The Song

L’exaspération du silence

d'Lëtzebuerger Land du 11.03.2010

Silence on tourne et l’on retourne la question de la mathématique du corps. Redondance de la pensée et du geste, il s’agit d’une déconvenue pour les adeptes de la chorégraphe flamande Anne Teresa De Keersmaeker (ATK), figure majeure de la danse contemporaine. Les créations de la chorégraphe sont régulièrement présentées à Luxem­bourg. Elles permettent au public fidèle depuis plusieurs années d’identifier les évolutions et dans le cas présent, la césure que The Song marque dans l’œuvre de la chorégraphe.

En effet, Anne Teresa De Keersmaeker a toujours revendiqué et assumé un rapport très fort avec la musique en indiquant que la musique l’avait conduite à la danse. On se souvient de ses créations dansées sur des pièces musicales variées de Bartók à Steve Reich, en passant par Joan Baez. Figure emblématique de la danse contemporaine associée parfois à une autre chorégraphe telle que Sasha Waltz, cette nouvelle création correspond aussi à un renouveau de la troupe à la suite du départ de certains danseurs.
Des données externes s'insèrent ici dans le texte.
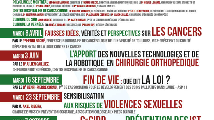 Nous avons le plaisir de vous annoncer la participation de la Clinique du Sud aux Mardis de la Santé, un cycle de conférences organisé par la Ville de Carcassonne pour sensibiliser et informer sur des thématiques de santé publique.
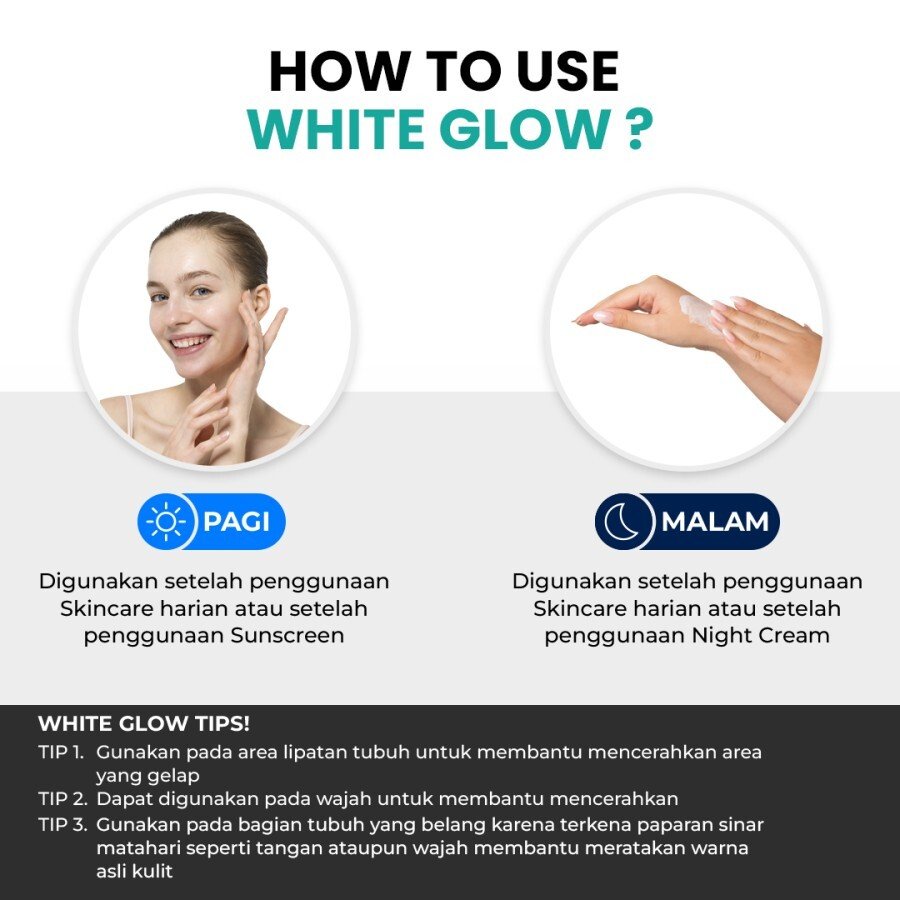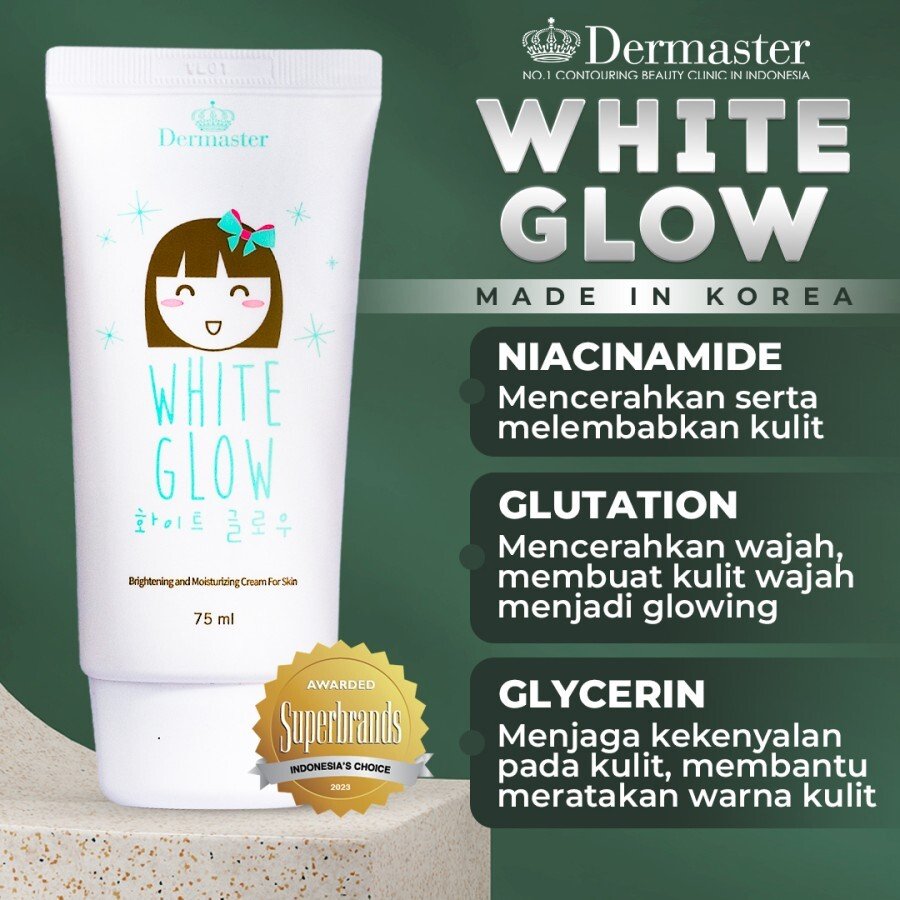 White Glow merupakan krim perawatan dari Dermaster Clinic yang mengandung Niacinamide untuk mencerahkan wajah, mengandung berbagai ekstrak bunga yang dapat membantu melembabkan dan menutrisi kulit. White Glow dapat menutupi area pada kulit yang gelap dan kusam serta meratakan warna kulit menjadi lebih cerah dan berkilau. White Glow bisa di pakai untuk wajah dan seluruh tubuh yang dibutuhkan.

Radicalité dans le propos et dans sa traduction scénique, cette fois-ci, le public a montré son impatience face à cette interrogation lancinante de deux heures sur la fragilité des corps. Ces deux heures quasi mutiques, auxquelles s’ajoute cette succession de tableaux inégaux entre lesquels seule la lumière faisait le lien, ont eu raison de la patience de certains des spectateurs qui, lassés, sont partis progressivement. L’absence de musique, à l’exception de celle de While my guitar gently weeps des Beatles, fredonnée par l’un des danseurs, ou de la chanson Helter Skelter lancée à plein volume, perturbe le regard sur cette création.

Déhanchements, vrilles, spirales étourdissantes et fluides, travail au sol, contrôle des chutes, extensions et replis, nervosité du rythme, l’esthétique caractéristique de sa danse est toujours là. Les sons sont produits par la respiration des danseurs, par les semelles crispantes de leurs chaussures et par les bruitages de Céline Bernard. Cette dernière opère en dédoublement des pas feutrés des danseurs avec une semelle sonore ou fait crisser un tissu, un blouson ou chanter l’eau renversée sur le tapis de sol en appuyant sur la matière trempée telle une craie sur un tableau… Horripilant ! La trace sonore du geste est intéressante à exploiter, mais il y a en l’espèce une sur­exploitation du moyen.

Ascétisme habituel et intransigeance quant à d’éventuels compromis de séduction, la mise en scène met en avant et à nu les neuf danseurs et l’unique danseuse sans répit. Les coulisses sont apparentes et les danseurs pivotent, se posent, soufflent et reviennent dans la ronde effrénée en courant pour occuper frénétiquement l’espace. La lumière fait des siennes, vient, repart, vacille en intensité.

En suspension, une grande feuille argentée vient à se déployer admi­rablement et semble marquer telle une brise des mouvements, la fin de la création mais aussi un moment de poésie… Le public est induit en erreur, et reprend lui aussi son souffle à la vue de la nuée de danseurs qui revient sur scène pour s’élancer de plus belle dans un nouveau tourbillon de mouvements qui peine à se renouveler. Le rendez-vous d’une fin poétique avec la lune s’évaporait, décidemment The Song jusqu’à la fin ne fait aucune concession à l’émotion et garde le cap de l’austérité et de la radicalité.